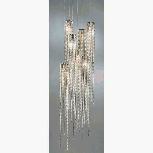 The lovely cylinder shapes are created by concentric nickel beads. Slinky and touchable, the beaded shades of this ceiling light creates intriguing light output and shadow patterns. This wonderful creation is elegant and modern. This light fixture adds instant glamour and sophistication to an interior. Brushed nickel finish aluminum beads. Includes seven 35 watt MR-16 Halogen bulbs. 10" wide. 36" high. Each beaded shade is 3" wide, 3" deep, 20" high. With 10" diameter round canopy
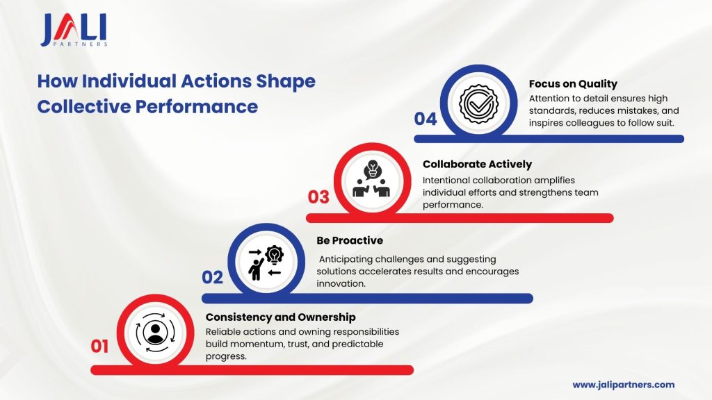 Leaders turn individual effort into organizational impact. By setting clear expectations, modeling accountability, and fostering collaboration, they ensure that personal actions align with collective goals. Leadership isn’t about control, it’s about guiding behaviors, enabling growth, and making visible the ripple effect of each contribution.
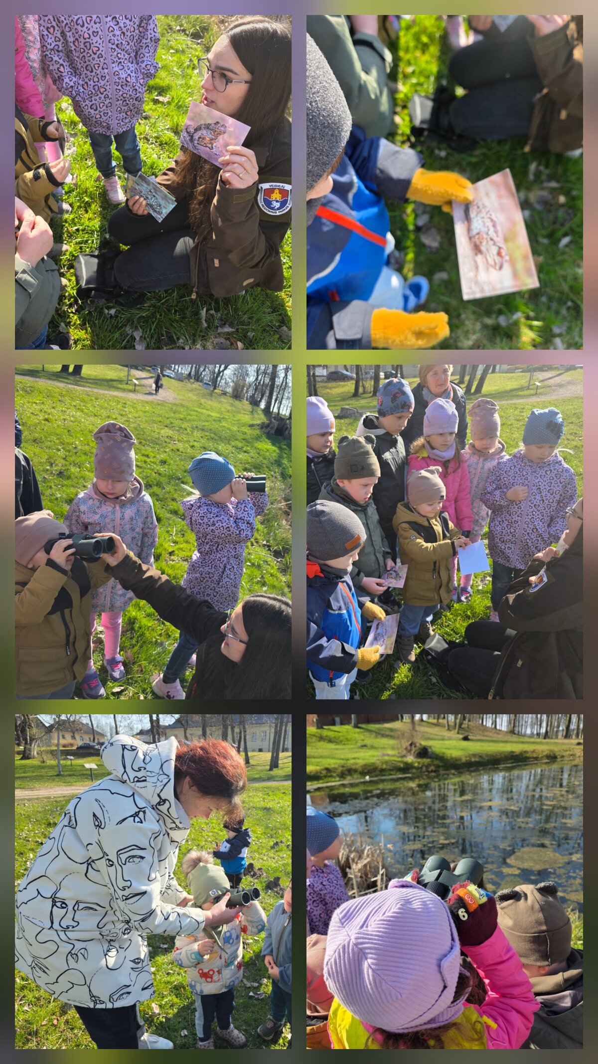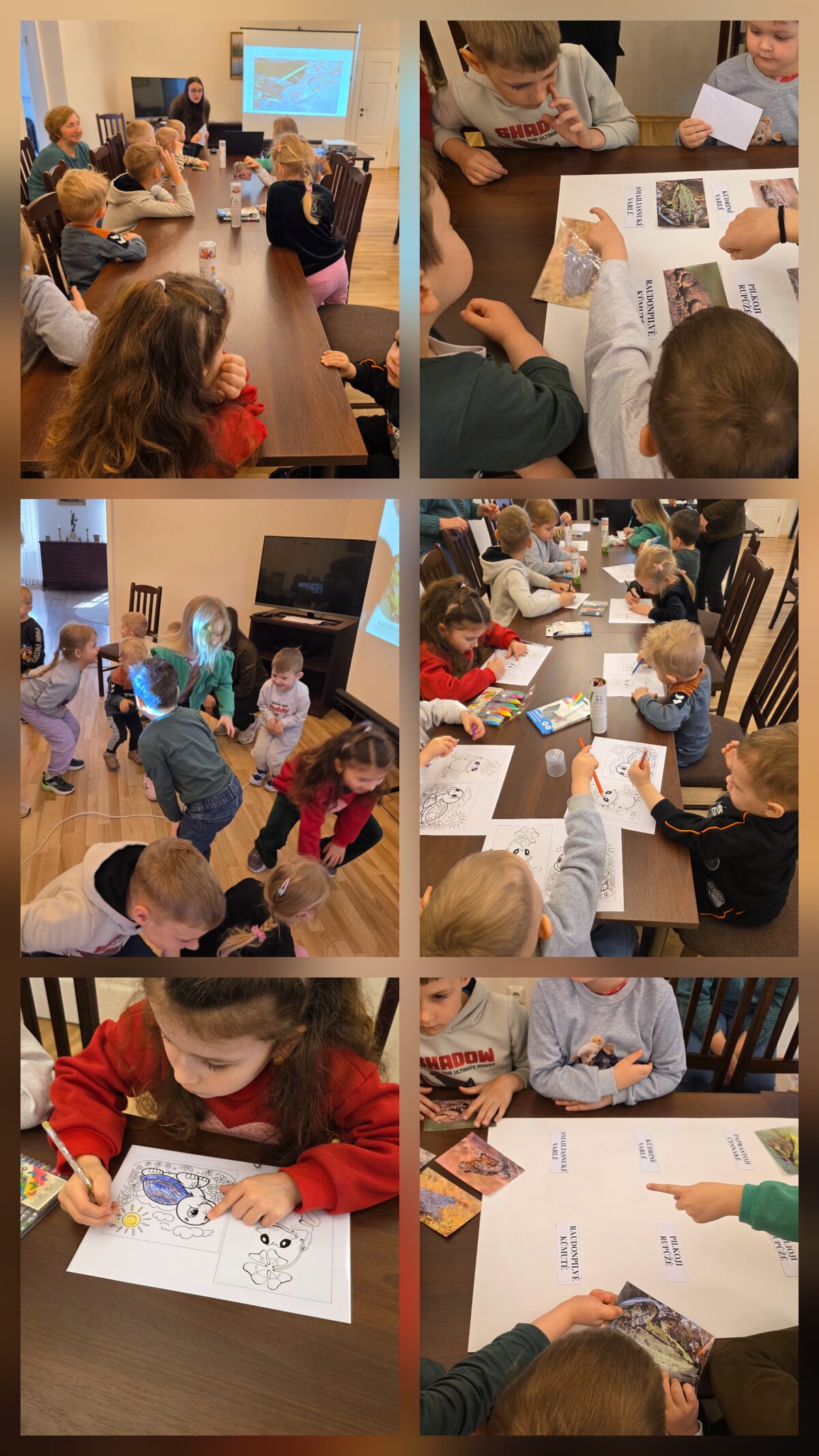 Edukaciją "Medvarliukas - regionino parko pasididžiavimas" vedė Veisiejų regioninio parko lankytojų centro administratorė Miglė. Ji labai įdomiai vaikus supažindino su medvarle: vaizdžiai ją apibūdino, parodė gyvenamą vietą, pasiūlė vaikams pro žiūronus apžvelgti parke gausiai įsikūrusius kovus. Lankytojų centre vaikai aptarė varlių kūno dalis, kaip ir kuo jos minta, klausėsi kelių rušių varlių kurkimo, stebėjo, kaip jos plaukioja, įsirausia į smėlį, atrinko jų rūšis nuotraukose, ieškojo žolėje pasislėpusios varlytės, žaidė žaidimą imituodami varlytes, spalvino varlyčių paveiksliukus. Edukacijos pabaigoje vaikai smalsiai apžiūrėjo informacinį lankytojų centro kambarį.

━━━━━━

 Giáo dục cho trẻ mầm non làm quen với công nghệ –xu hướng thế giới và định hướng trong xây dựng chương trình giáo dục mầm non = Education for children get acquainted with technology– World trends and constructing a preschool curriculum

━━━━━━

## [ABOUT THIS EXERCISE]
Exact copy, pictures excluded: from the line with "The lovely cylinder" up to and including the line with "Leaders turn individual" in the data above.

## [RESULT OF THE EXERCISE]
 The lovely cylinder shapes are created by concentric nickel beads. Slinky and touchable, the beaded shades of this ceiling light creates intriguing light output and shadow patterns. This wonderful creation is elegant and modern. This light fixture adds instant glamour and sophistication to an interior. Brushed nickel finish aluminum beads. Includes seven 35 watt MR-16 Halogen bulbs. 10" wide. 36" high. Each beaded shade is 3" wide, 3" deep, 20" high. With 10" diameter round canopy
 Leaders turn individual effort into organizational impact. By setting clear expectations, modeling accountability, and fostering collaboration, they ensure that personal actions align with collective goals. Leadership isn’t about control, it’s about guiding behaviors, enabling growth, and making visible the ripple effect of each contribution.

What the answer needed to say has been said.